Why Do Proxy Advisors Wield So Much Influence? Insights From U.S.-U.K. Comparative Analysis
Bottom Line: Four explanations—the role of institutional investor trade groups, the level of agreement on governance best practices, the strength of shareholder rights, and the role of the state—help explain proxy advisors’ greater influence in the United States. They also have implications for proposed reforms.
The factors usually cited for proxy advisors’ influence exist similarly in the United Kingdom. But in the U.K., proxy advisors exert significantly weaker influence than they do in the United States. With proxy advisor reform on the regulatory agenda, this paradox warrants attention, and yet most scholarly contributions have focused on the extent of proxy advisors’ influence rather than the reasons for it.
Comparative study may be more fruitful than studying the United States in isolation because the comparative inquiry helps control for factors in common with other systems and points to unrecognized legal, institutional, and other features that may be taken for granted or obscured in a single-system study.
First, U.K. institutional investors have benefited from significantly stronger institutional investor trade groups. These groups have coordinated institutional investors, collectivizing their voting power and diminishing the need for and space available for proxy advisors. In the United States, to a significant extent, proxy advisors serve as functional substitutes for trade groups.

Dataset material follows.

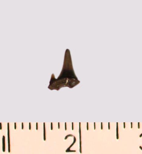 Зуб. Акула. Odontaspis striatula Dalinkevicius, 1935. Классификация: Хордовые Chordata, Позвоночные Vertebrata, Хрящевые рыбы Chondrichthyes, Пластиножаберные Elasmobranchii, Акулы Selachii, Ламнообразные Lamniformes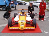 のりもの展示コーナーには、F1600レーシングカー、パトカー、白バイ、消防自動車、ダンプカー、除雪車、高所作業車、ゴミ収集車、ユニック自動車、落書き自動車などが展示され、子どもたちは興味津々でした。

Second, corporate governance issues that are settled in the United Kingdom remain open—and are often vigorously contested—in the United States, which requires U.S. investors to make decisions that call for expertise and amplifies investors’ incentives to turn to third parties for information and voting guidance. Essentially, what market participants in the United Kingdom regard as uncontroversial or settled in their best practice governance codes is still a source of dispute for their U.S. counterparts.
Third, U.K. institutional investors have stronger rights as shareholders than their U.S. counterparts. These conditions have facilitated collective action by U.K. institutional investors, magnified their incentives to form trade groups, and made them more likely to coordinate their activities through trade groups than through proxy advisors.
Finally, the state has played different roles in each system. In the United Kingdom, it has pushed for institutional investors to collectively influence corporate managers and has sometimes unambiguously threatened regulatory intervention unless they do, whereas in the United States it has exhibited suspicion of powerful institutional investors by imposing regulatory barriers to concerted action.
Perversely, by resisting stronger shareholder rights and opposing reform on governance issues, U.S. corporate managers may have strengthened the proxy advisory firms that many of them now seek to weaken.